Using Volatile Gas Production As an Output for Genetic Circuits to Report on Programmed Microbial Behaviors in a Soil | AIChE

Using Volatile Gas Production As an Output for Genetic Circuits to Report on Programmed Microbial Behaviors in a Soil

Authors 

Cheng, H. Y. - Presenter, Rice University
Silberg, J. J., Rice University
Masiello, C. A., Rice University

Microbes drive processes in the Earth system far exceeding their physical scale, mediating significant fluxes in biogeochemical cycles. Microbial behavior also affects soil development, water quality, and crop yields. The tools of synthetic biology have the potential to significantly improve our understanding of the roles that microbes play in these processes, as well as the effects that heterogeneous environmental materials have on microbial behaviors. However, synthetic biology has not yet seen wide use within environmental materials (soils, sediments, and biomass) because synthetically programmed microbes are hard to deploy into these materials, the vast majority of which are not transparent and are heterogeneous.
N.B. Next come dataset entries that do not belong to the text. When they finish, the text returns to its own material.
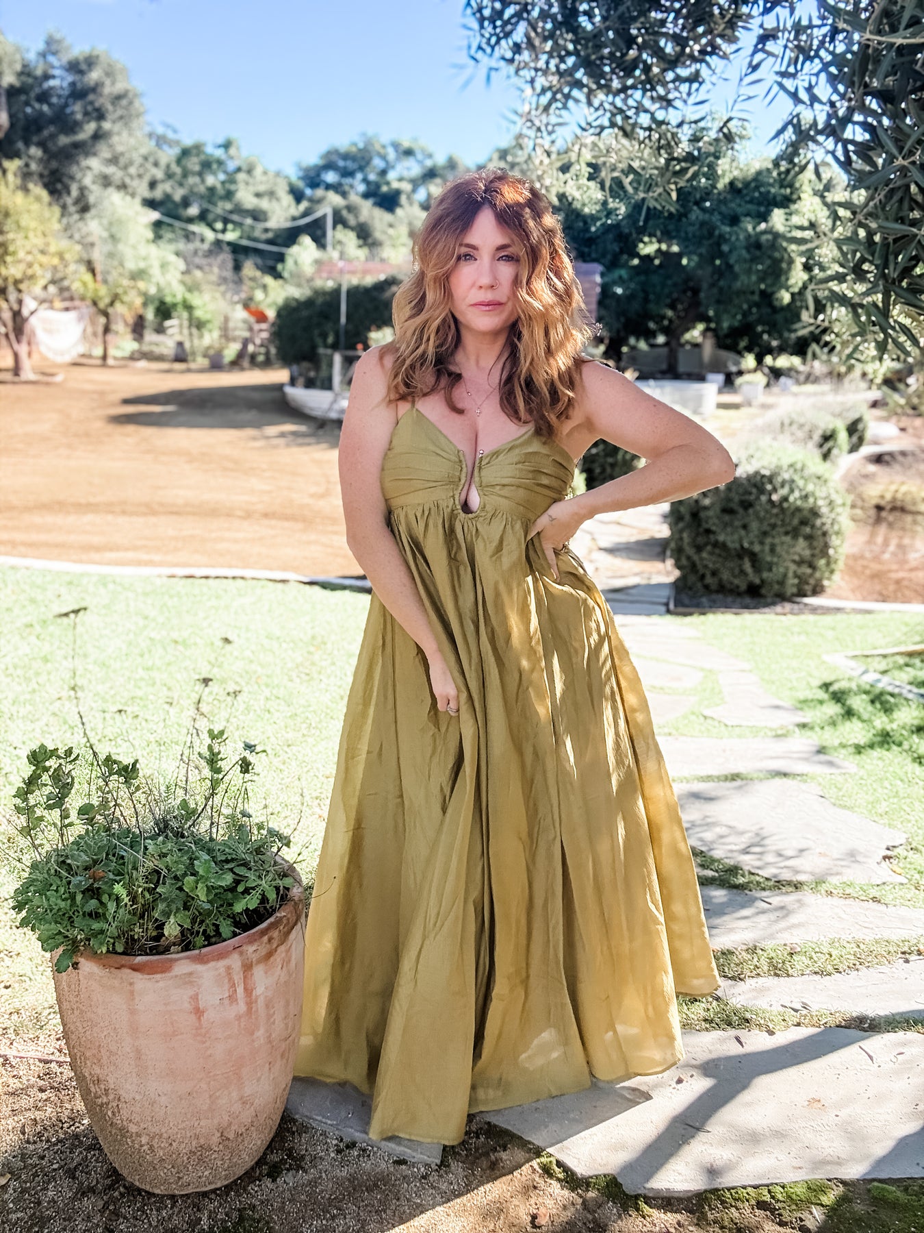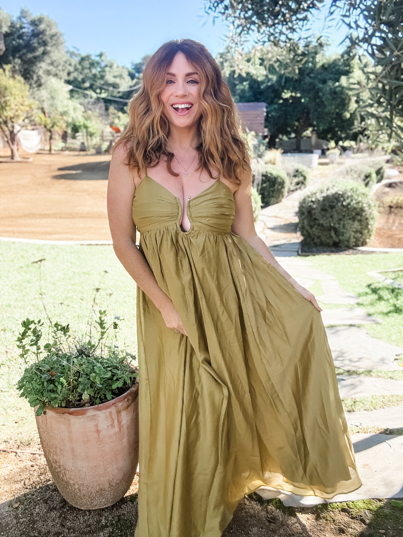 FIT: This beautiful dress has an empire waist hitting right below the bust with a flowy skirt and a maxi length.
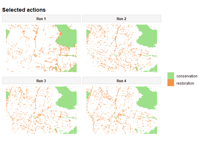 This means that, in this README example, the difference between the two actions comes mainly from where they are eligible and how much they cost, rather than from different ecological effect strengths. In a more realistic application, one would often use different multipliers by action and feature, for example making restoration stronger for some features and weaker, neutral, or even negative for others.
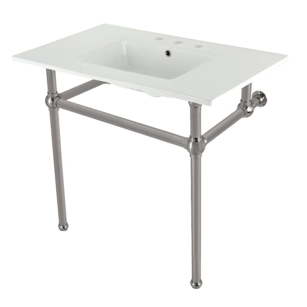 37 Console Sink with Brass Legs 8Inch, 3 Hole, WhiteBrushed Nickel
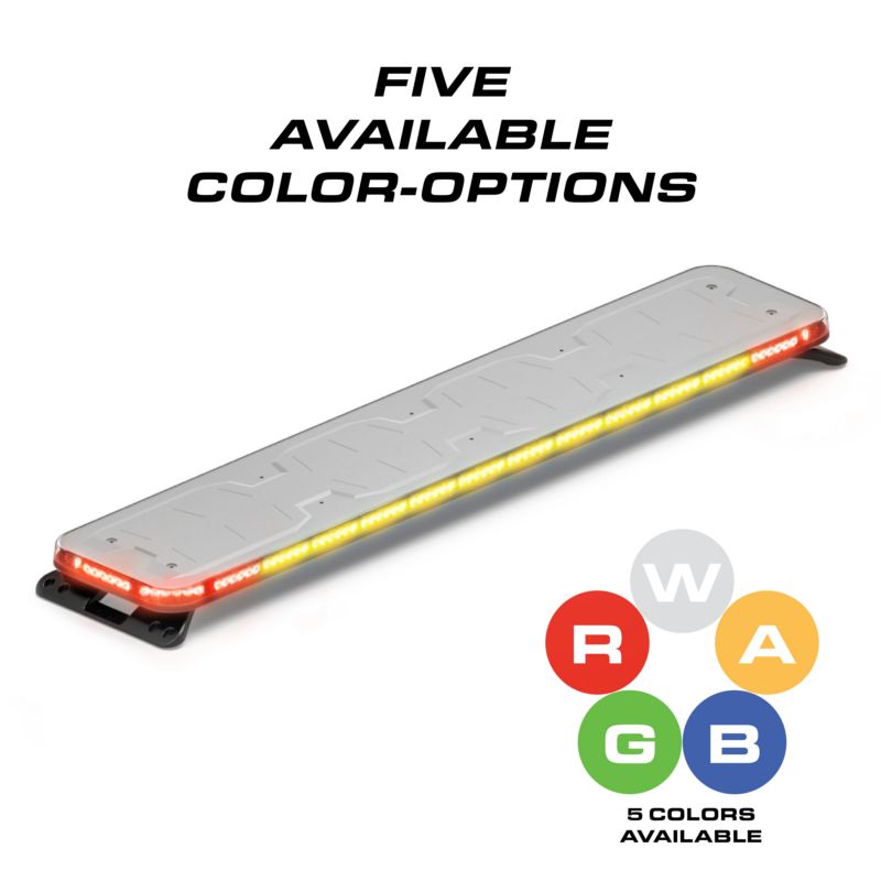 Single-color lightbars for emergency warning use. User configurable in Red, Blue, Amber, White and Green, the Fusion-S line offers a 40° degree optic that is 60° brighter than the previous Fusion family.
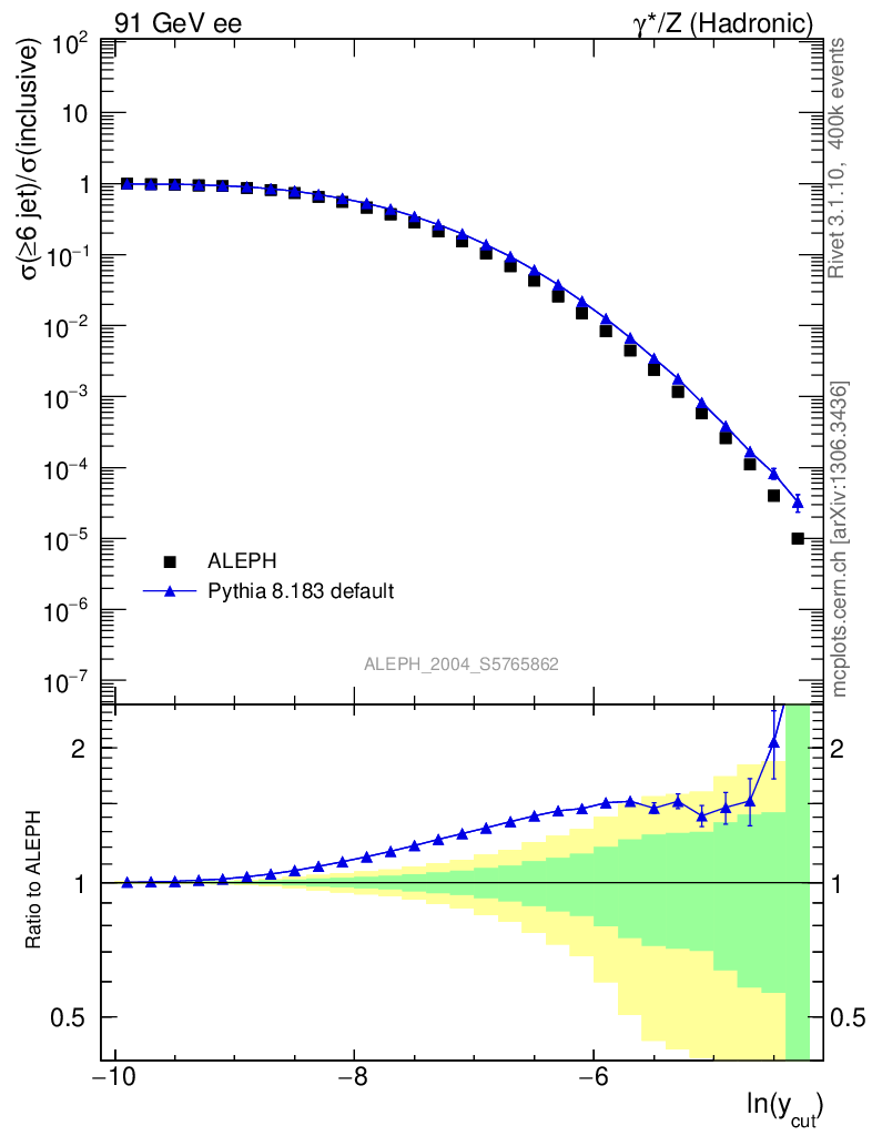 ee : γ*/Z (hadronic) : Jet rates : >Six-jet fraction
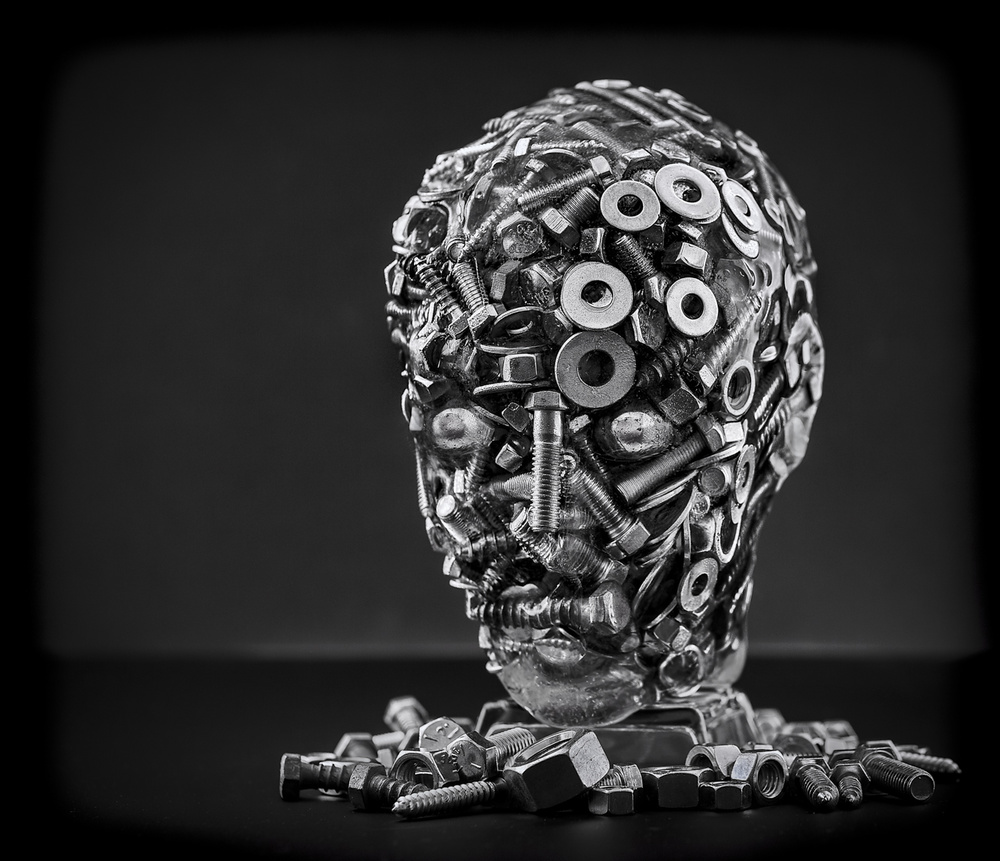 In order to create his photograph, Gene built his "Man". In his own words: "Things are sometimes not what they seem; this was the guiding notion behind the photo called "Man". "Man" is the result of my meditation on how to use normal construction materials to build an object beyond the normal use of nuts, bolts, screws and washers. So, rather than create a normal structure, "Man" was created as a still-life construction."

Traditional visual reporting strategies used to read out circuit status are challenging to use in Earth materials because environmental matrices display high absorbance and auto-fluorescence at wavelengths of light used for traditional visual reporters like GFP. These technical limitations have made it challenging to use programmed microbes to study how variation in soil environmental parameters (moisture, nutrient status, mineralogy, structure, and temperature) affect real-time biological behaviors. To help synthetic biology make the petri-dish-to-soil transition, we are using enzymes that produce small volatile gases as gene expression reporters in soils. We will present data showing that this approach can be used to report on microbial gene expression dynamics in bulk soils at and below the water holding capacity. We will also describe the signal-to-noise for this reporting strategy within a Typic Hapludalf soil from Kellogg Biological Station that consists of a mixture of sand, silt, and clay. Furthermore, we will describe our studies using gas reporting to monitor two dynamic soil microbial processes within this soil, horizontal gene transfer and quorum sensing, and our efforts to benchmark the signal from a volatile gas against standard reporting approaches. Unlike previously described reporters of gene expression, these gas reporters should be useful for studies of microbial processes within soil samples at a range of scales, including sealed vessels widely used by soil scientists to monitor the dynamics of greenhouse gas production.